AVAILABLE RECORDS =

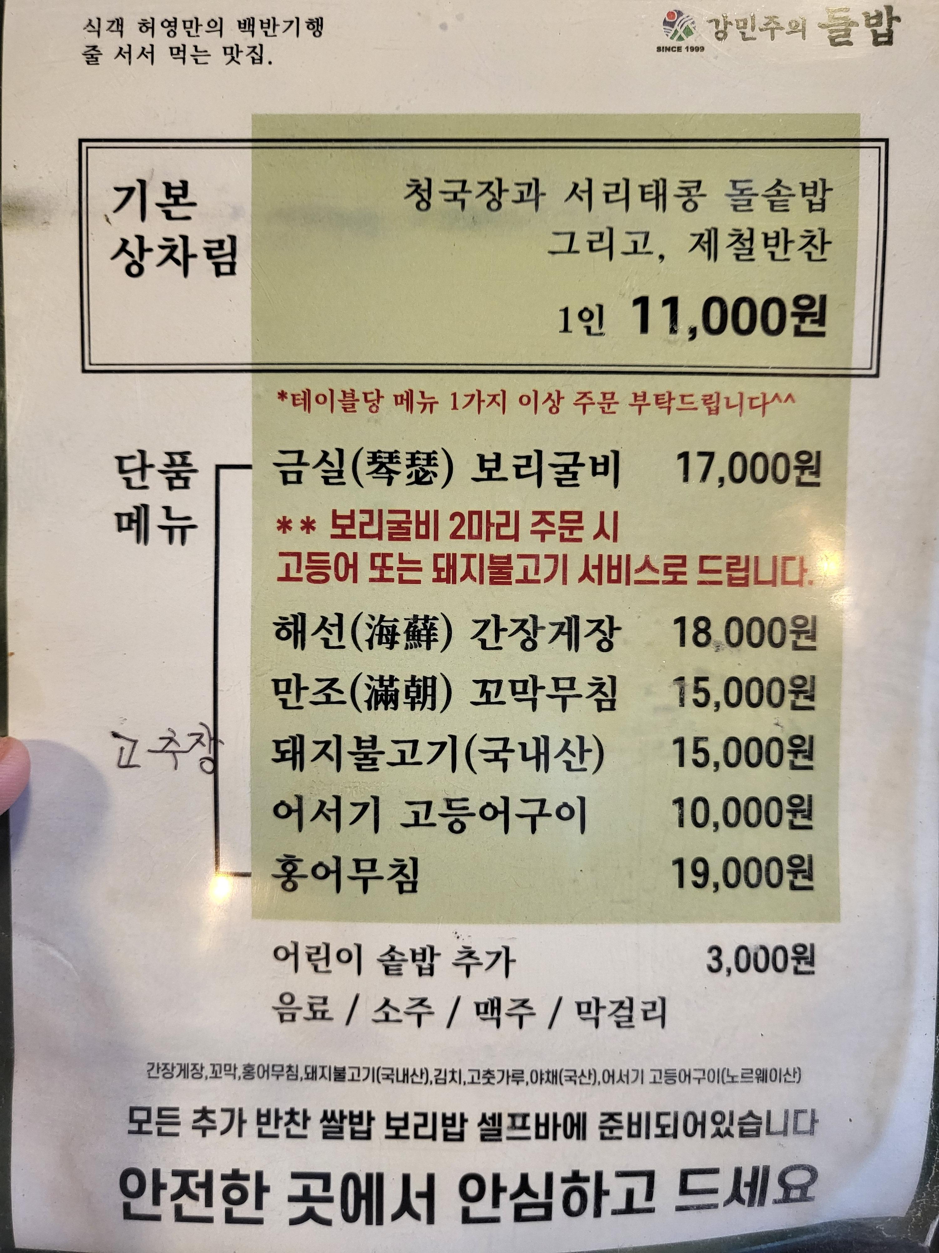 상차림으로 1인당 11,000원이고 청국장과 서리태콩 돌솥밥은 기본 그리고, 제철 반찬이 나온다고 합니다. 그 외 단품 메뉴로 보리굴비, 간장게장, 꼬막무침, 돼지불고기, 고등어구이, 홍어무침이 있는데 그중 평소에 자주 먹기 힘든 요리인 보리굴비를 시키자고 하셔서 상차림 3인분 그리고 보리굴비를 시켰습니다.
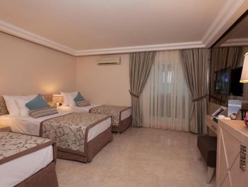 Ждали номер до 14:35. Что несколько огорчило вначале. Если едите с ребёнком или детьми лучше берите два номера. На узком диванчике что раскладывается спать может ребёнок наверное свободно только пятилетний или младше. Постарше ребёнку тесновато. Громкая музыка на русском допоздна - учитывайте это если вы с детьми. Питание было самое слабое из всех отелей что мы посетили в Турции в октябре. Ходили часто в кафе и рестораны рядом на улицах. Если не ищите супер-условия, а просто хороший пляж то принципе нормально. Мы были 2 дня и нас устроил и отель и пляж и персонал. Несмотря на общий спад туристов в этом отеле было их много и отдыхали гости активно, поэтому отель имеет спрос и слава Богу. Всем процветания!
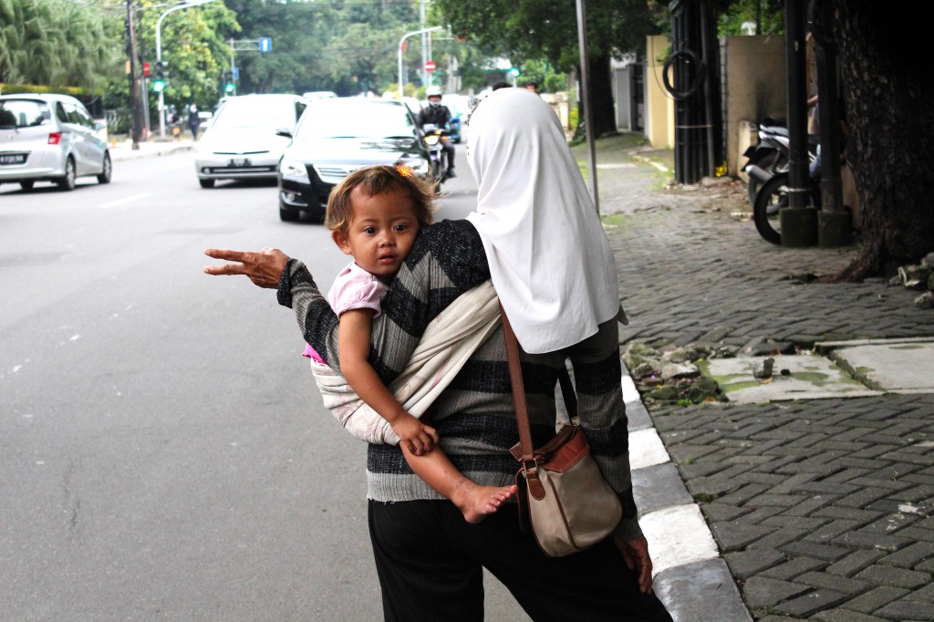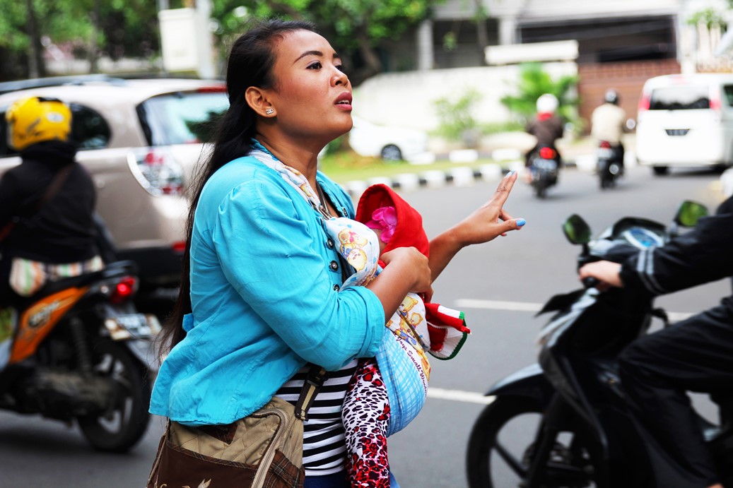 “I travel from Kemayoran and I get here every morning by 7 am. I get paid around 25,000 rupiah a trip but it’s usually whatever the driver picks. I bring my granddaughter along to make more money but sometimes it’s difficult bringing a young child with me, she gets bored and restless. I don’t think about getting caught because I have to make money to the pay rent and feed my family back home. My children and my grandchildren depend on me.”
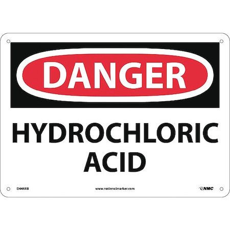 NMC D446RB OSHA Sign, Legend "DANGER - HYDROCHLORIC ACID", 14" Length x 10" Height, Rigid Plastic, Black/Red on White
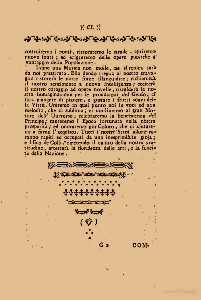 Infine una Musica non molle, ne sirenica sarà da noi praticata. Ella dando tregua al nostro travaglio ristorerà le noste forze illanguidite; richiamerà il nostro sentimento a nuova intelligenza ; ecciterà il nostro coraggio ad opere novelle ; riscalderà la ncH stra immaginazione per le produzioni del Genio; ci tara piangere di piacere, e gustare i frutti soavi della Virtù. Uniremo in quel punto noi le voci ad una melodìa, che ci sublima ; ci umiliartm© al gran Motore dell' Universo ; celebraremo la beneficenza del Principe; canteremo 1' Epoca fortunata della nòstra prosperità; ed onoraremo pur Coloro, che ci aiutarono a farne 1'acquisto. Tutti i nostri Sensi allora-sapranno rapiti ed occupati da una inesprimibile gioja ; e l'Eco de Colliripetendo il canto della nostra gratitudine, attesterà la floridezza delie arti ,e la felici-* jà della Nazione.
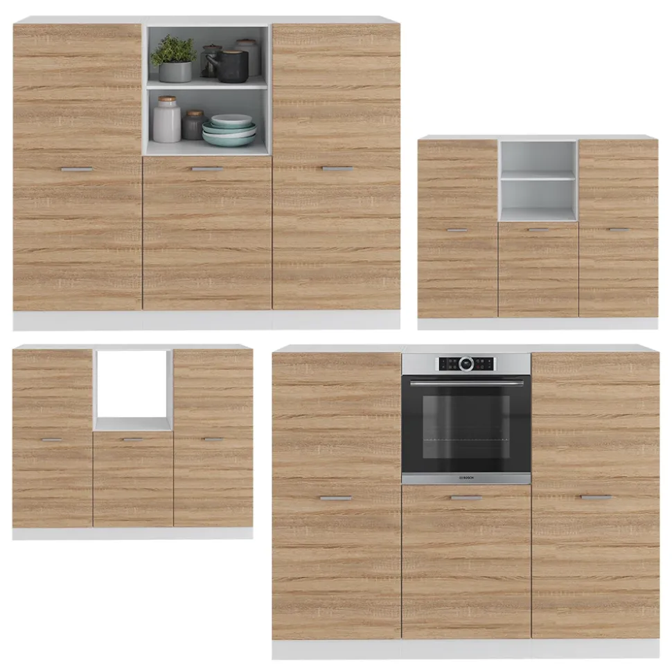 LIEFERUMFANG: Küchenblock ohne Arbeitsplatte, Montagematerial, Montageanleitung (Sofern nicht anders angegeben, gehören Elektrogeräte und Dekorationen nicht zum Lieferumfang)

EXERCISE AIM = Write out the records exactly. Do not carry the pictures over.

ANSWER TO THE PROBLEM =
 상차림으로 1인당 11,000원이고 청국장과 서리태콩 돌솥밥은 기본 그리고, 제철 반찬이 나온다고 합니다. 그 외 단품 메뉴로 보리굴비, 간장게장, 꼬막무침, 돼지불고기, 고등어구이, 홍어무침이 있는데 그중 평소에 자주 먹기 힘든 요리인 보리굴비를 시키자고 하셔서 상차림 3인분 그리고 보리굴비를 시켰습니다.
 Ждали номер до 14:35. Что несколько огорчило вначале. Если едите с ребёнком или детьми лучше берите два номера. На узком диванчике что раскладывается спать может ребёнок наверное свободно только пятилетний или младше. Постарше ребёнку тесновато. Громкая музыка на русском допоздна - учитывайте это если вы с детьми. Питание было самое слабое из всех отелей что мы посетили в Турции в октябре. Ходили часто в кафе и рестораны рядом на улицах. Если не ищите супер-условия, а просто хороший пляж то принципе нормально. Мы были 2 дня и нас устроил и отель и пляж и персонал. Несмотря на общий спад туристов в этом отеле было их много и отдыхали гости активно, поэтому отель имеет спрос и слава Богу. Всем процветания!
 “I travel from Kemayoran and I get here every morning by 7 am. I get paid around 25,000 rupiah a trip but it’s usually whatever the driver picks. I bring my granddaughter along to make more money but sometimes it’s difficult bringing a young child with me, she gets bored and restless. I don’t think about getting caught because I have to make money to the pay rent and feed my family back home. My children and my grandchildren depend on me.”
 NMC D446RB OSHA Sign, Legend "DANGER - HYDROCHLORIC ACID", 14" Length x 10" Height, Rigid Plastic, Black/Red on White
 Infine una Musica non molle, ne sirenica sarà da noi praticata. Ella dando tregua al nostro travaglio ristorerà le noste forze illanguidite; richiamerà il nostro sentimento a nuova intelligenza ; ecciterà il nostro coraggio ad opere novelle ; riscalderà la ncH stra immaginazione per le produzioni del Genio; ci tara piangere di piacere, e gustare i frutti soavi della Virtù. Uniremo in quel punto noi le voci ad una melodìa, che ci sublima ; ci umiliartm© al gran Motore dell' Universo ; celebraremo la beneficenza del Principe; canteremo 1' Epoca fortunata della nòstra prosperità; ed onoraremo pur Coloro, che ci aiutarono a farne 1'acquisto. Tutti i nostri Sensi allora-sapranno rapiti ed occupati da una inesprimibile gioja ; e l'Eco de Colliripetendo il canto della nostra gratitudine, attesterà la floridezza delie arti ,e la felici-* jà della Nazione.
 LIEFERUMFANG: Küchenblock ohne Arbeitsplatte, Montagematerial, Montageanleitung (Sofern nicht anders angegeben, gehören Elektrogeräte und Dekorationen nicht zum Lieferumfang)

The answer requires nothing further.